Input:
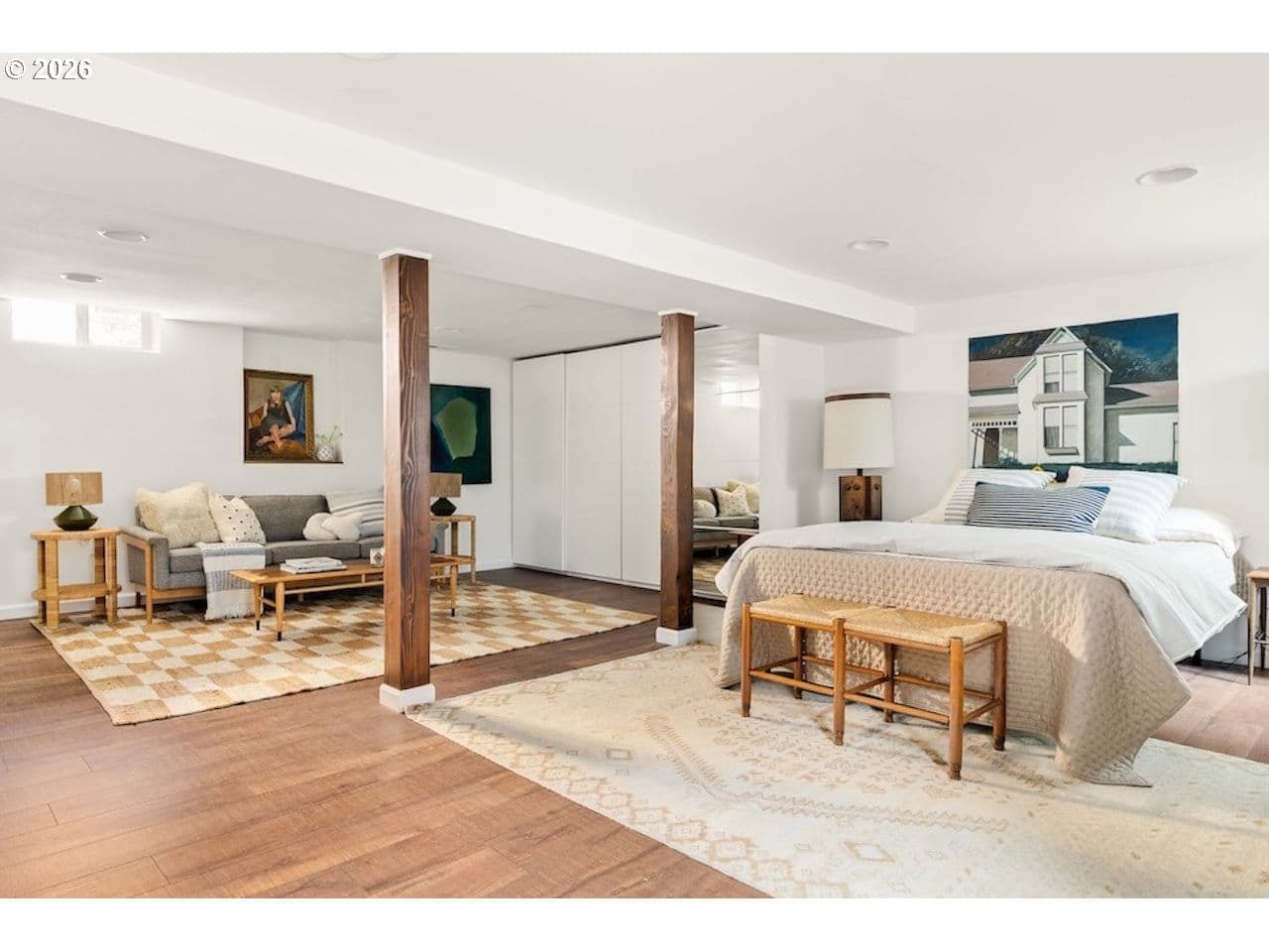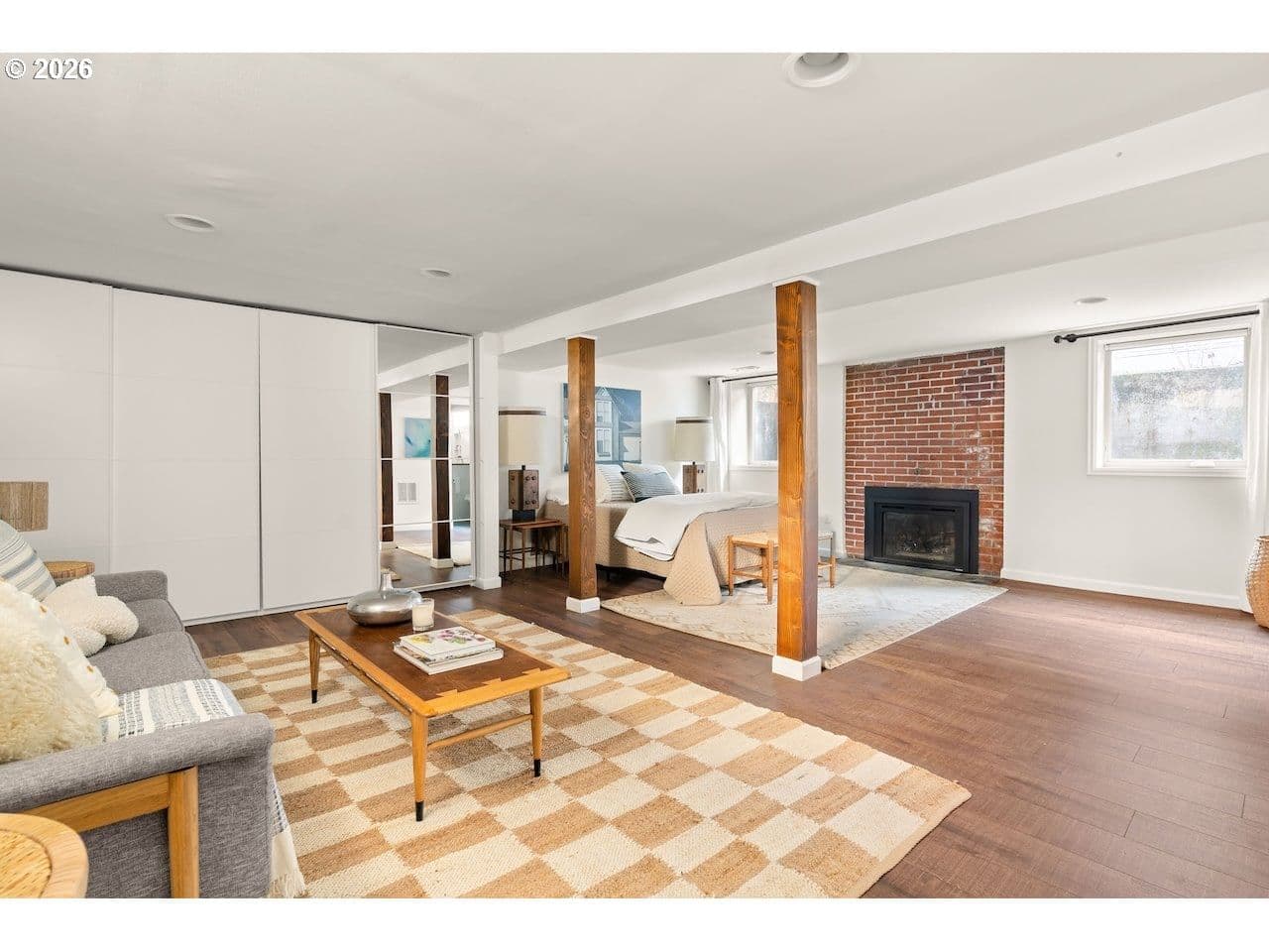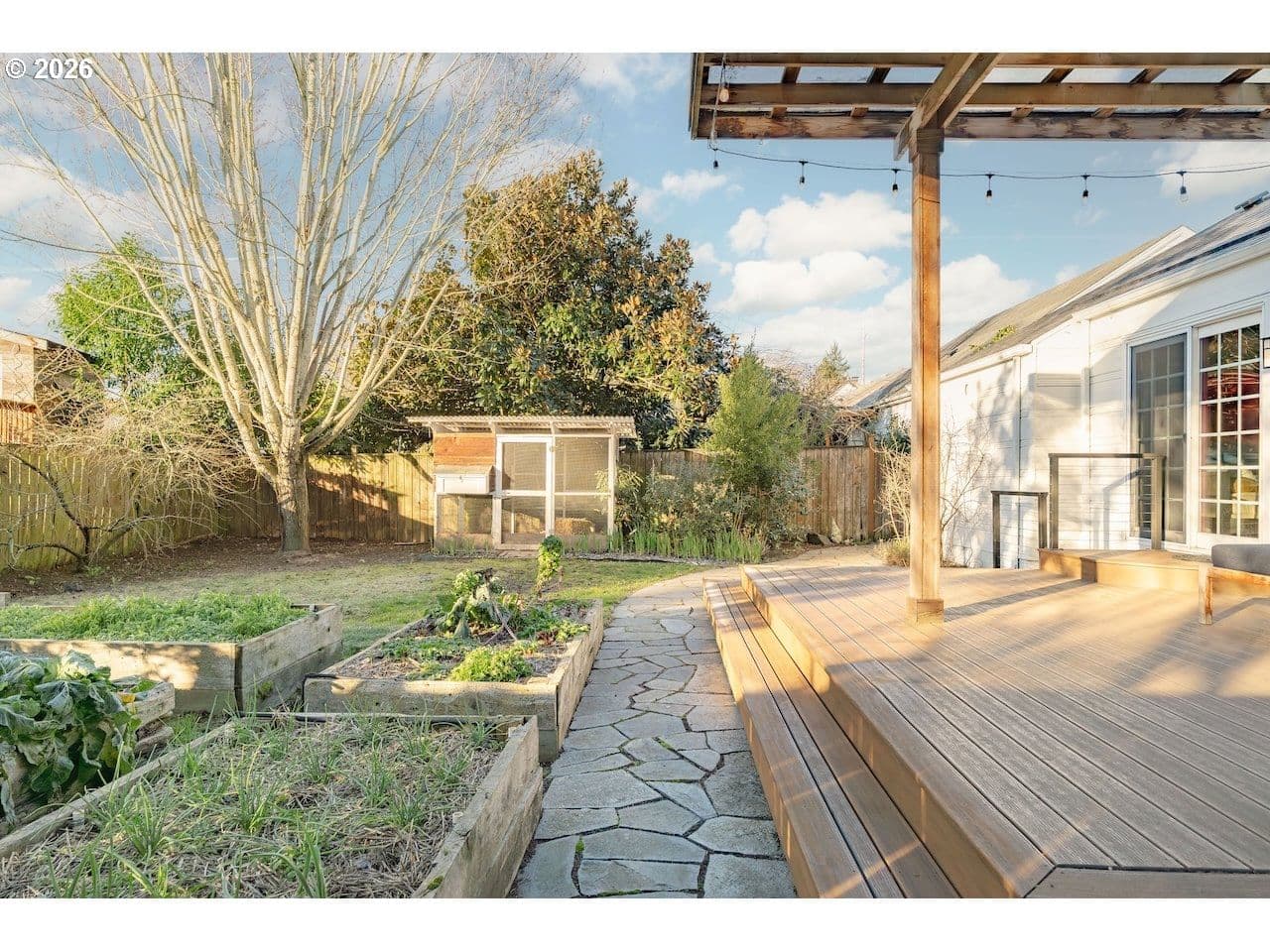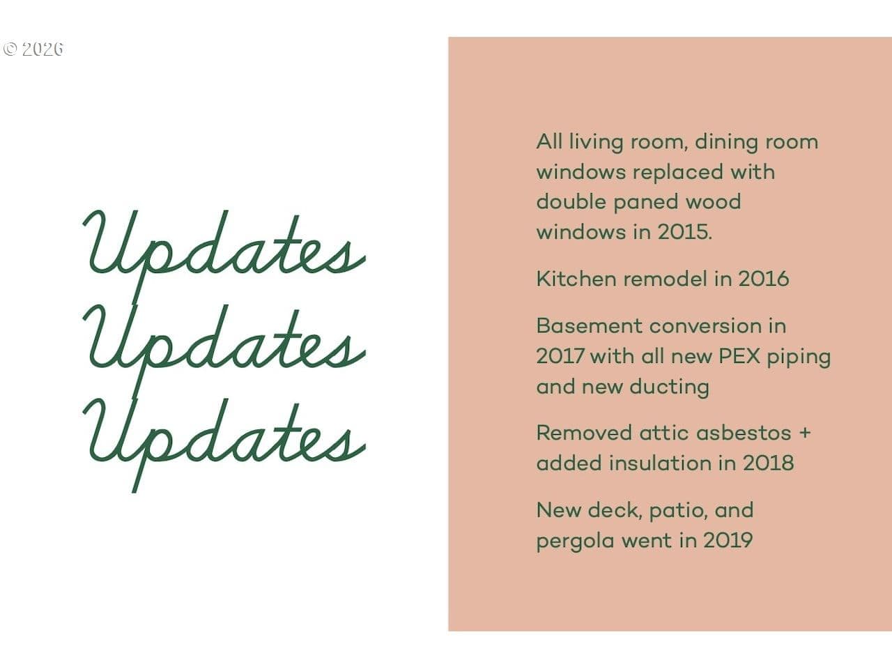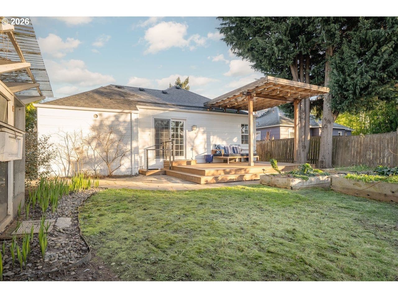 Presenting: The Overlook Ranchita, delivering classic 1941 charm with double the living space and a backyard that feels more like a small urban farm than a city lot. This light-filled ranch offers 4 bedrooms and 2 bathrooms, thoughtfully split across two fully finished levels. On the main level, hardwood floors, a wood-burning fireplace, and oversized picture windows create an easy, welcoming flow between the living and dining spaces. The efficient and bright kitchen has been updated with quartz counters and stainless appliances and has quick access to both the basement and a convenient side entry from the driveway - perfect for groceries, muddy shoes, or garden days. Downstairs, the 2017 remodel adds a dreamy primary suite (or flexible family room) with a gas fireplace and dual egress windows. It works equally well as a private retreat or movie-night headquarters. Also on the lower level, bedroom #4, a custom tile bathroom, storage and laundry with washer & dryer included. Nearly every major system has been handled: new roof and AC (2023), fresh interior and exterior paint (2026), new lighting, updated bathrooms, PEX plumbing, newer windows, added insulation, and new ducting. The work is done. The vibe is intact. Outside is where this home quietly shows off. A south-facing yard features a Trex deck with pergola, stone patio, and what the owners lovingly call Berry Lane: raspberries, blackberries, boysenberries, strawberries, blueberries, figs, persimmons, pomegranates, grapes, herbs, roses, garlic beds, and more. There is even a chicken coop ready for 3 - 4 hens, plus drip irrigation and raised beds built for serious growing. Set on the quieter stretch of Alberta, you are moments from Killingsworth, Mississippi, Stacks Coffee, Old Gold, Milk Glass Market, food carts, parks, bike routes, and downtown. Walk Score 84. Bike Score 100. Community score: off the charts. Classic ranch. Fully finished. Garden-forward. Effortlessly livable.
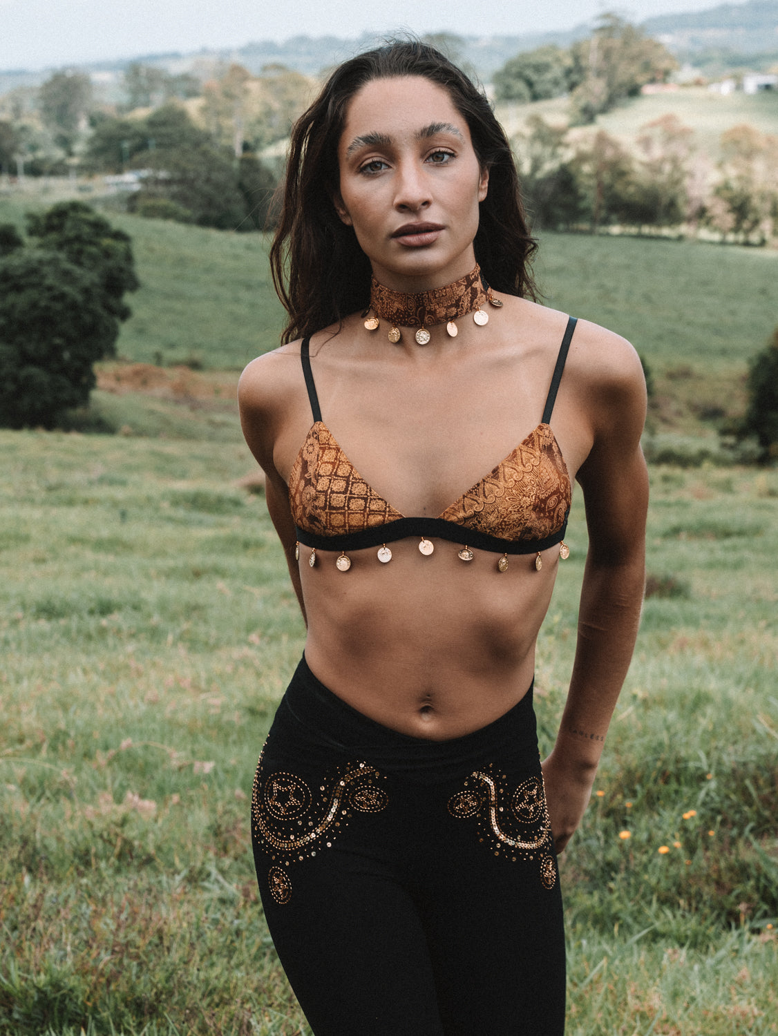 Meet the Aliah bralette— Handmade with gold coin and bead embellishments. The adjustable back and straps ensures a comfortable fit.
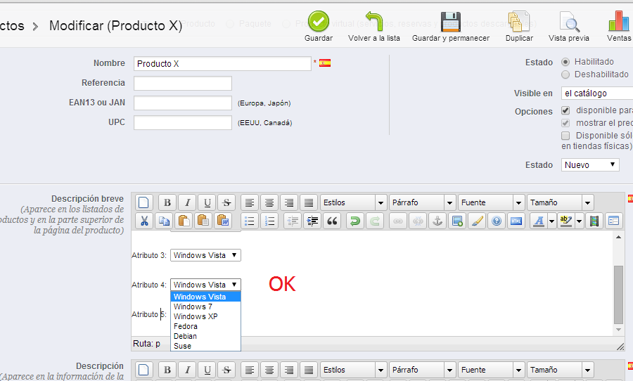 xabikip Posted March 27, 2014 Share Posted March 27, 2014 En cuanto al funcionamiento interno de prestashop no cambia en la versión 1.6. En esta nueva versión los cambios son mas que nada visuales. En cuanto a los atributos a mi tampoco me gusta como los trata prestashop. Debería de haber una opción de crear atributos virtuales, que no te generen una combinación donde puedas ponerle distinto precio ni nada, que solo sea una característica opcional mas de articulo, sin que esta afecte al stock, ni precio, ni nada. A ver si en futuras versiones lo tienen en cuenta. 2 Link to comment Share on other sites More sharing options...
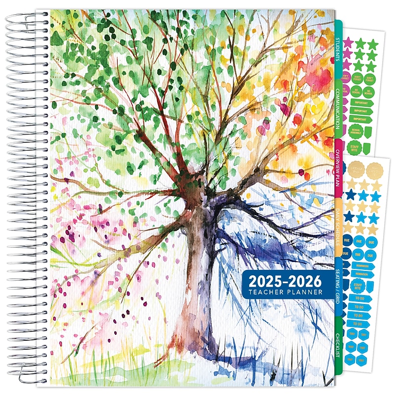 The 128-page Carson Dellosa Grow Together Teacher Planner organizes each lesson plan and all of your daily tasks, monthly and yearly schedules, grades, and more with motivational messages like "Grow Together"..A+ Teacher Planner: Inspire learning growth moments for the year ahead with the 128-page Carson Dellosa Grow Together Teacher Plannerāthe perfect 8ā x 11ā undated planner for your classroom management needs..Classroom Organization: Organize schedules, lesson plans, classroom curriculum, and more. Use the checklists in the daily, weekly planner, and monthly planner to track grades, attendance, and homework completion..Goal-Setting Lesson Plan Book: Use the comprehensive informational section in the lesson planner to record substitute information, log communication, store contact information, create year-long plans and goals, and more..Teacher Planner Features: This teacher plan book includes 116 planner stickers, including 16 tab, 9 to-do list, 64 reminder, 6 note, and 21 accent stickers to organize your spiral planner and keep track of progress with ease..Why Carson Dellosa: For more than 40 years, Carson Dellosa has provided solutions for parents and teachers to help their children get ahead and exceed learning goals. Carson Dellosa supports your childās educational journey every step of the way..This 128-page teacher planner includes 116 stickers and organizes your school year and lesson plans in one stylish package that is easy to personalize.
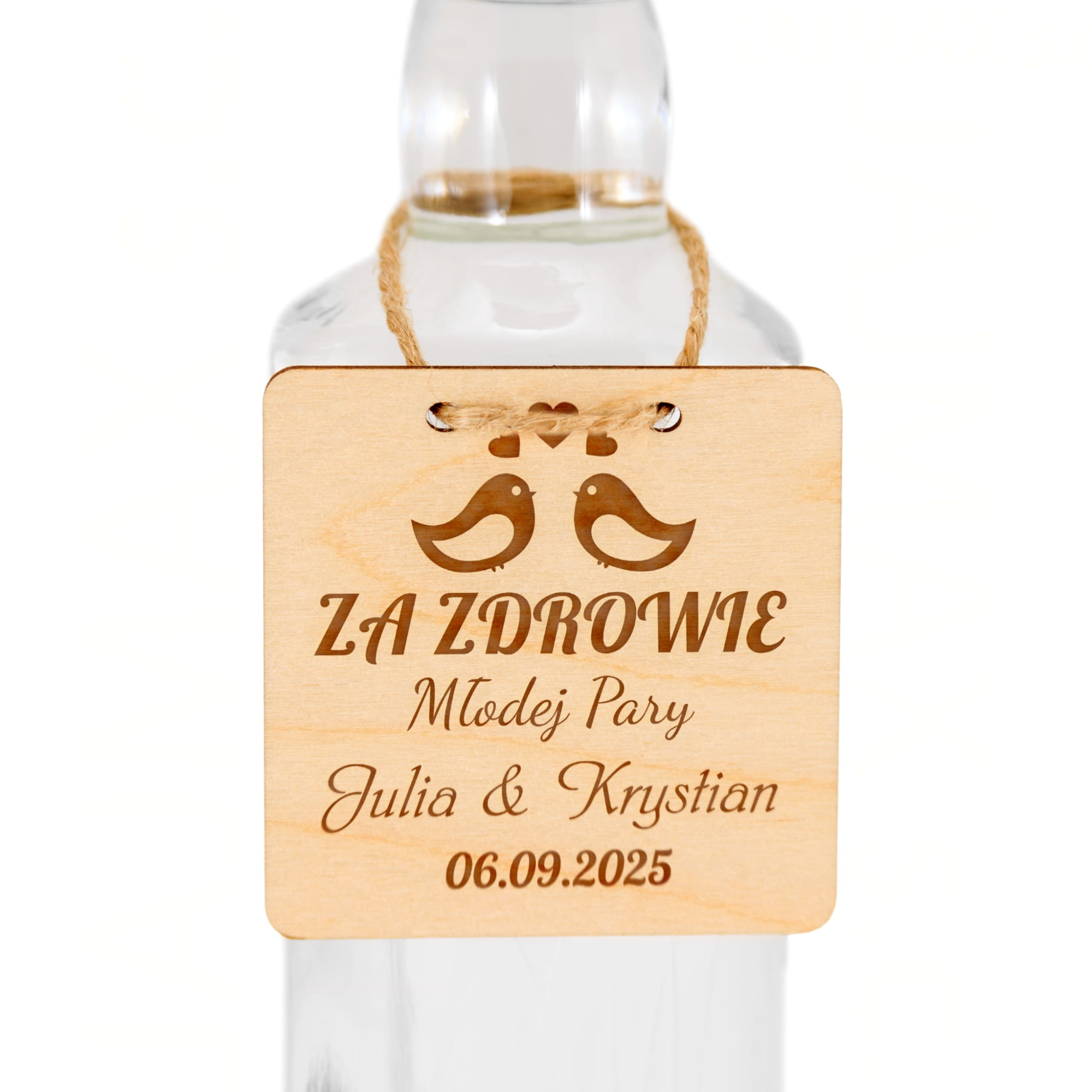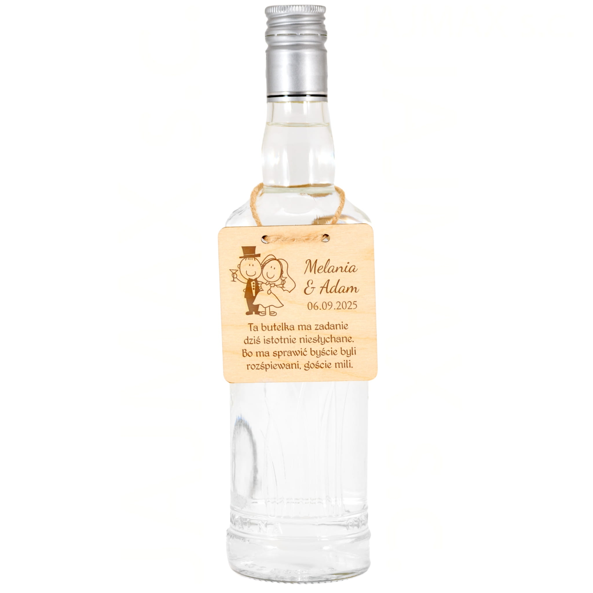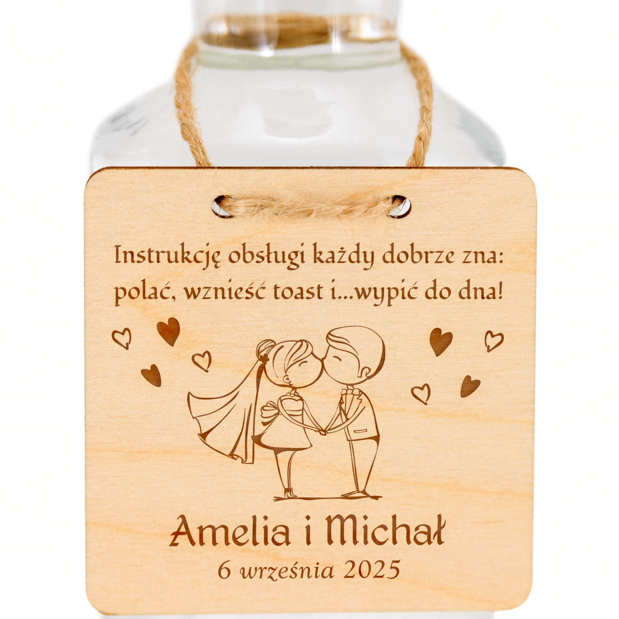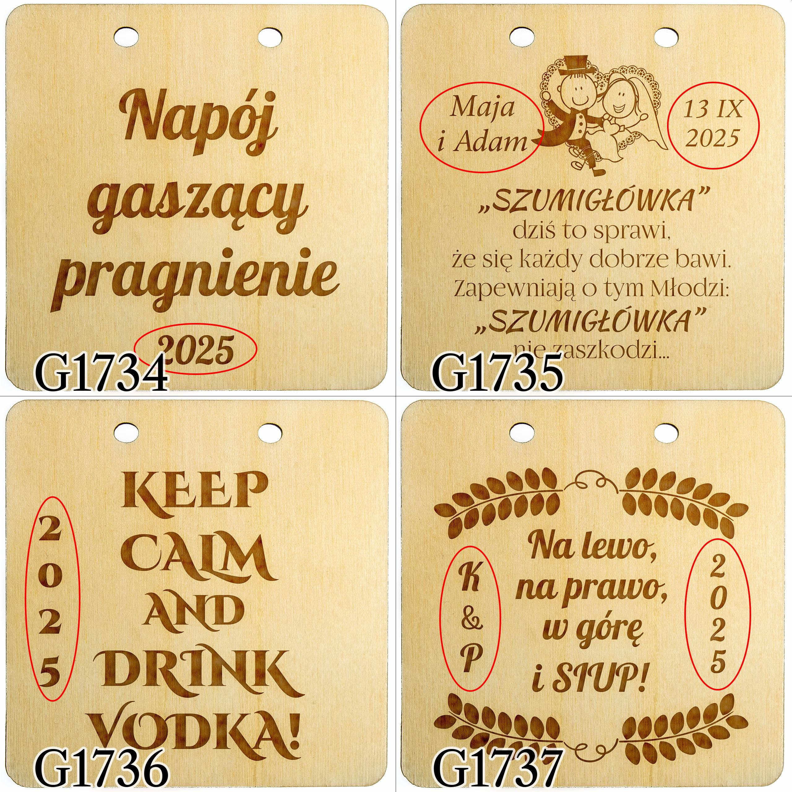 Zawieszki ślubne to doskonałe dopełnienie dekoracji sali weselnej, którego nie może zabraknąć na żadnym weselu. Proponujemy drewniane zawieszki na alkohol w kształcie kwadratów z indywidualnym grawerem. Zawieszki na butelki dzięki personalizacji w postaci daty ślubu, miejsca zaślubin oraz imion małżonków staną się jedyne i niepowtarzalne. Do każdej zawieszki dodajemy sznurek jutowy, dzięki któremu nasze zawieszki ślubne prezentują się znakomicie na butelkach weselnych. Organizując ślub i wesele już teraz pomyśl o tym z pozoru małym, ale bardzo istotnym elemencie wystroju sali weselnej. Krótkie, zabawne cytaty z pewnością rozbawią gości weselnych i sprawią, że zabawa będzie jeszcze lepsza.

Task statement: Copy only the lines above from the one containing "xabikip Posted March" through the one containing "easy to personalize.", both included. Leave out the pictures.

Solution for this task:
 xabikip Posted March 27, 2014 Share Posted March 27, 2014 En cuanto al funcionamiento interno de prestashop no cambia en la versión 1.6. En esta nueva versión los cambios son mas que nada visuales. En cuanto a los atributos a mi tampoco me gusta como los trata prestashop. Debería de haber una opción de crear atributos virtuales, que no te generen una combinación donde puedas ponerle distinto precio ni nada, que solo sea una característica opcional mas de articulo, sin que esta afecte al stock, ni precio, ni nada. A ver si en futuras versiones lo tienen en cuenta. 2 Link to comment Share on other sites More sharing options...
 The 128-page Carson Dellosa Grow Together Teacher Planner organizes each lesson plan and all of your daily tasks, monthly and yearly schedules, grades, and more with motivational messages like "Grow Together"..A+ Teacher Planner: Inspire learning growth moments for the year ahead with the 128-page Carson Dellosa Grow Together Teacher Plannerāthe perfect 8ā x 11ā undated planner for your classroom management needs..Classroom Organization: Organize schedules, lesson plans, classroom curriculum, and more. Use the checklists in the daily, weekly planner, and monthly planner to track grades, attendance, and homework completion..Goal-Setting Lesson Plan Book: Use the comprehensive informational section in the lesson planner to record substitute information, log communication, store contact information, create year-long plans and goals, and more..Teacher Planner Features: This teacher plan book includes 116 planner stickers, including 16 tab, 9 to-do list, 64 reminder, 6 note, and 21 accent stickers to organize your spiral planner and keep track of progress with ease..Why Carson Dellosa: For more than 40 years, Carson Dellosa has provided solutions for parents and teachers to help their children get ahead and exceed learning goals. Carson Dellosa supports your childās educational journey every step of the way..This 128-page teacher planner includes 116 stickers and organizes your school year and lesson plans in one stylish package that is easy to personalize.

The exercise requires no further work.